Y a mí, debo reconocerlo, también me lo pareció. Sí, no cabía la menor duda, no era más que un simple asunto de mala suerte.
Entretanto puse el coche en marcha. Ella parecía tranquila, tal vez por este diálogo que había alejado de nosotras el robo de cuyas consecuencias no tendríamos más remedio que hablar en un momento u otro. Yo conducía despacio, las dos en silencio. Ante mí, la carretera era un camino inacabable bajo el tibio sol invernal, cuanto más despacio fuera, pensé, más tardaría en llegar, más lejos quedaría la conversación, la decisión. Pero aun sin querer pensar en ello, me di cuenta de pronto de que había dejado que las cosas fueran demasiado lejos. Tendría que haberle dicho que no volviera cuando ayer estuve en el cuartel de la Guardia Civil, y no convertirme en su cómplice engañando al marido.
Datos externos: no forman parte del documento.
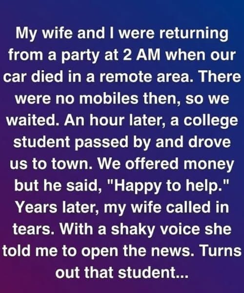 My wife, Amrita, and I sat there in silence, the engine dead and the road completely empty. There was no phone signal, no sign of help, only the faint stars above us. The minutes felt longer and heavier as we waited, uncertain whether anyone would pass by. Then, after what seemed like an eternity, headlights appeared in the distance. A worn Toyota Corolla pulled over, and a young man stepped out. Without hesitation, he offered to help. He refused any payment and simply said he was happy to be of assistance.

Al contrario, tendría que haberme enfrentado a él, un pobre desgraciado, ale fin y al cabo, que tal vez ni siquiera estaba borracho y que bien pudiera ser que tuviera el cuchillo en la mano porque había salido de la casa con él al oír el coche mientras acababa de comer la naranja o el queso. Así comían los pastores de tierra adentro, cortaban un pedazo con la navaja y con ella lo acompañaban a la boca. Eso es lo que era, en mi angustia y con la oscuridad de la linterna había tomado su navaja por un arma, y sus preguntas por una amenaza. Pero ¿por qué había salido con la linterna? ¿Por qué no había encendido la luz? Me estaba entreteniendo en lo que había ocurrido ayer para no pensar en la realidad de hoy.
Volví a ella. Sí, tendría que haberme quedado en casa esta mañana y ahora no estaría en el coche con Adelita a mi lado, compungida y serena, pero segura de que está ganando la partida. Pero ¿qué partida? ¿Es que ella piensa que podrá quedarse? Los pensamientos zigzagueaban por mi mente sin descanso, suplantándose unos a otros como seres ocultos dispuestos a discutir y a desmentirse.
Fue en un semáforo que acababan de instalar, dos o tres kilómetros antes de que tomáramos el camino para ir a casa, cuando habló. Al principio, entretenida en tejer y destejer lo que podría haber hecho o lo que tendría que haber hecho, no me di cuenta de qué me hablaba.